Overlapping themes in the three-part work offer stylistic contrasts but share a true, and funny, outlook.
Live Action Set's "Basic North" is subtitled "a performance in three directions," but it has a single purpose. The smart work, which opened on Saturday night at the Southern Theater in Minneapolis, strips down the absurdities of modern life. This is accomplished using the sort of humor that sneaks up on you -- physical and subtle -- but also by inspiring discomfort about compulsive habits that ring all too familiar.
It's funny -- and a bit painful -- because it's true.
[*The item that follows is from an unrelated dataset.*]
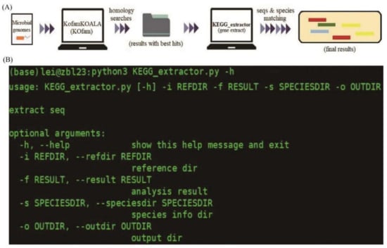 The KO database is a collection of orthologs, most of which are members of the KEGG molecular networks, including KEGG pathways, BRITE hierarchies and KEGG modules. Using the genome annotation procedure in KEGG, about 46% of 17 million genes can be annotated with K numbers [16]. Therefore, the sequence similarity search against the GENES database is a search for the most appropriate K numbers, which can easily be computerized as implemented in the KOALA programs. Thus, after achieving sequence alignments and KEGG annotation of all the proteins using the KofamKOALA, as mentioned above, the generated results are merged and processed for the next sequence extraction and classification. Unless specified otherwise, the program will use default values for the parameters. The workflow for KEGG_Extractor is shown in Figure 1A. The tool uses the logic of keyword matching and extracts the gene sequences from the genome files by reading the information of the specific columns of the input files. If the option -i is specified, the corresponding coding sequences of all genes will be scanned based on the annotation files generated by the KEGG tools as the program runs. Option -f will automatically read the processed files of the KEGG annotations with KO entries, while option -s means that the species information of each gene will be checked from the genomic assembly files and added into the results. Examples can be checked and downloaded from the online data of GitHub (https://github.com/xielisos567/KEGG_extractor, accessed on 24 September 2022. Command-line use of the KEGG_Extractor is shown below: python3 KEGG_extractor.py [-options]/{-i <directory> -f <processed files> -s <assembly files> -o <directory>} (Figure 1B).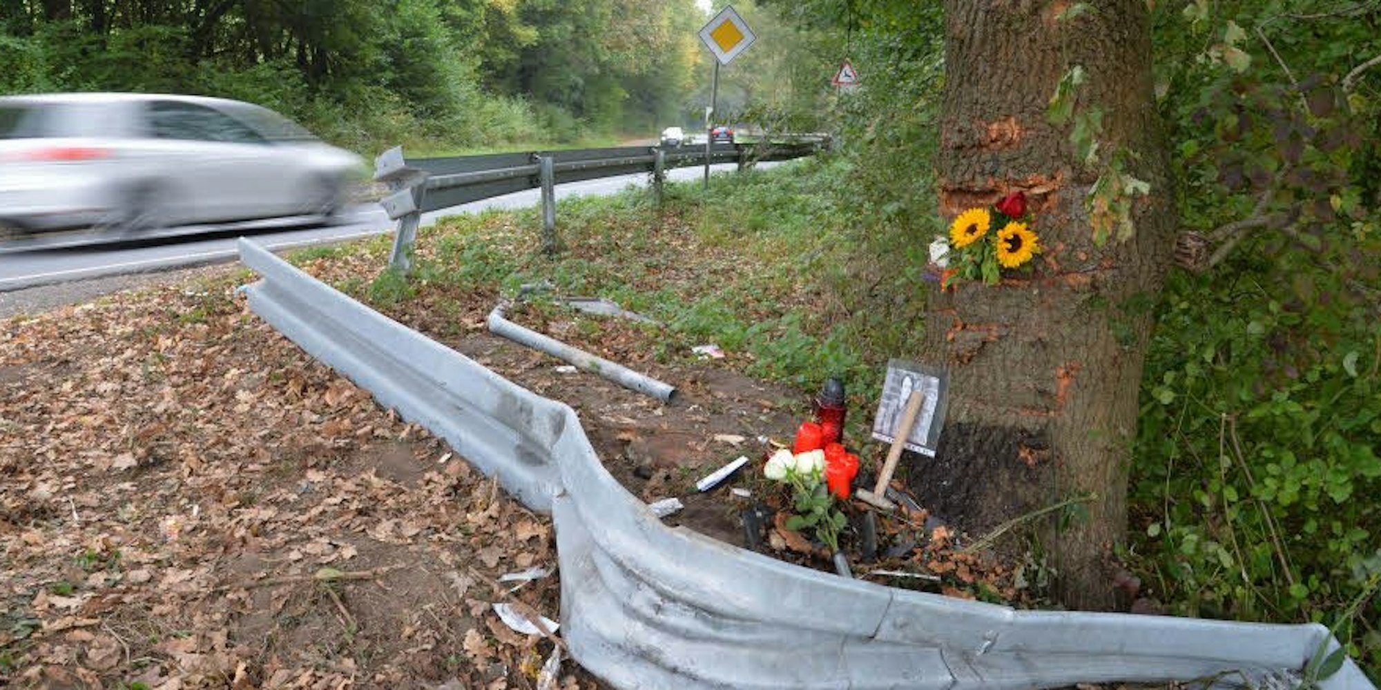 Am Baum sind noch die Spuren des Aufpralls zu sehen. Freunde haben Blumen, Kerzen und ein Bild des tödlich Verunglückten aufgestellt.

"Basic North" is made up of three "chapters" directed by Dario Tangelson, Emily King and Ryan Underbakke, and Noah Bremer. They wrap around one another, with overlapping themes, movements and moods -- forging a link between real and virtual realms. The denizens of Tangelson's "Without Wax" delve into social rituals. Bremer's solo "Quiet Heart" employs gentle slapstick to find purpose in an irrational world. King and Underbakke's "Start Select" choreographs pixilated madness sparked by a soundtrack of bleepy 8-bit Nintendo tunes.
Most striking is how the six performers in Tangelson's section respond to the environment. Their eyes are wide open, yet blinking incessantly. Steps are taken with measured precision -- as if in an old-school video game. Startled stares greet audience laughter. Words come in short bursts -- sound bytes about morning rituals or menu choices. Enlightenment is found in such mundane moments as the mechanics of giving a hug.
The chaos generated by King and Underbakke offers stylistic contrast. A trio of dancers tumbles through the space like feisty fairy avatars, their candy-colored wigs and costumes seemingly pinched from Katy Perry. As both guides and gate-crashers through all aspects of the show, all seem intent on shaking up conversations, especially those that begin and end with bland assessments of how busy we all are.
Bremer is the everyman. Fresh off a touring role with Cirque du Soleil, he makes full use of his considerable clown skills and comic timing while tackling a recalcitrant mike stand and vacuum cleaner. But like the rest of us, he is just as often thwarted by what he can't see or comprehend.
These aspects of "Basic North" come across much more neatly in writing than on stage. And that's to its credit. There's a winning sense of spontaneity and creative evolution whirring from within this work's core. You just keep wondering which direction the artists will turn to next.
Caroline Palmer writes regularly about dance.